Video generation
1. Use cases
Video generation models are technologies that use text or image descriptions to generate dynamic video content. As the technology continues to advance, its applications are becoming increasingly widespread. Some potential application areas include:
- Dynamic content generation: Video generation models can create dynamic visual content to describe and explain information.
- Multimodal intelligent interaction: Combining image and text inputs, video generation models can be used for more intelligent and interactive applications.
- Replacing or enhancing traditional visual technologies: Video generation models can replace or enhance traditional machine vision technologies to solve more complex multimodal problems. As technology progresses, the multimodal capabilities of video generation models will integrate with visual language models, driving their comprehensive application in intelligent interaction, automated content generation, and complex scenario simulation. Additionally, video generation models can be combined with image generation models (image-to-video) to further expand their application range, achieving more diverse and rich visual content generation.
2. Usage ecommendations
When writing prompts, pay attention to detailed, chronological descriptions of actions and scenes. Include specific actions, appearance, camera angles, and environmental details. All content should be written in a single paragraph, starting directly with the main action, and the description should be specific and precise. Imagine yourself as a director describing a shot script. Keep the prompt within 200 words.
To achieve the best results, structure your prompt as follows:
- Start with a sentence describing the main action
- Example:A woman with light skin, wearing a blue jacket and a black hat with a veil,She first looks down and to her right, then raises her head back up as she speaks.
- Add specific details about actions and gestures
- Example:She first looks down and to her right, then raises her head back up as she speaks.
- Precisely describe the appearance of the character/object
- Example:She has brown hair styled in an updo, light brown eyebrows, and is wearing a white collared shirt under her blue jacket.
- Include details about the background and environment
- Example:The background is out of focus, but shows trees and people in period clothing.
- Specify the camera angle and movement
- Example:The camera remains stationary on her face as she speaks.
- Describe lighting and color effects
- Example:The scene is captured in real-life footage, with natural lighting and true-to-life colors.
- Note any changes or sudden events
- Example:A gust of wind blows through the trees, causing the woman’s veil to flutter slightly.
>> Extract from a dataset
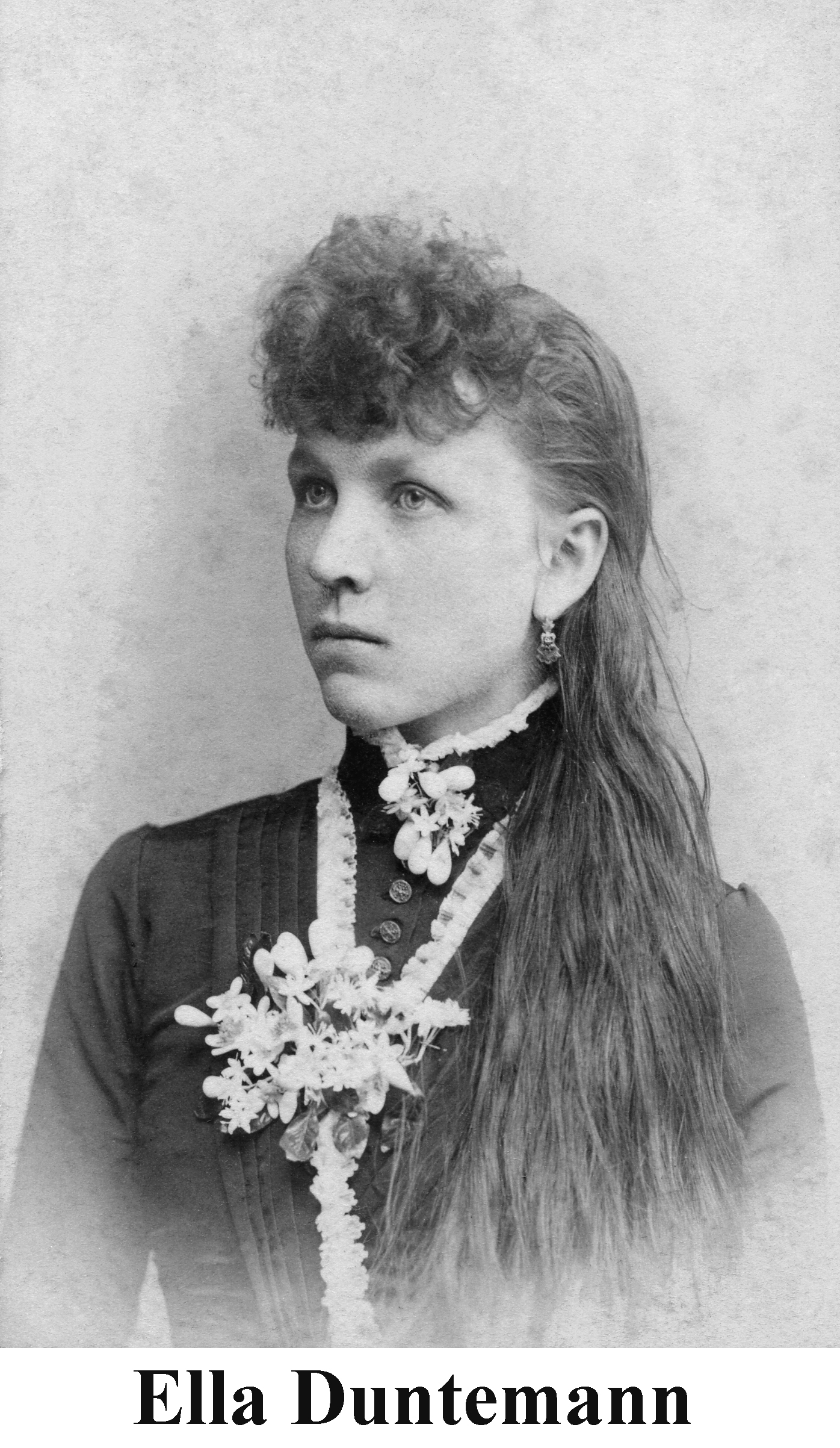 Photographs of Fred Henjes and Ella Duntemann. The photos appear to be taken at the same time as their 1890 wedding photo.

Example of a video generated from the above prompt:
3. Experience address
You can experience it by clicking playground.
4. Supported models
4.1 Text-to-video models
Currently supported text-to-video models:
- Lightricks/LTX-Video
This model offers free video generation for a limited time when calling the text-to-video API. You can experience it in the playground and it supports API calls.
- tencent/HunyuanVideo
This model charges ¥0.7/Video. It supports API calls.
- genmo/mochi-1-preview
This model charges ¥2.8/Video. It supports API calls.
4.2 Image-to-video models
- Lightricks/LTX-Video
This model charges ¥0.14/Video when calling the image-to-video API. It currently only supports API calls.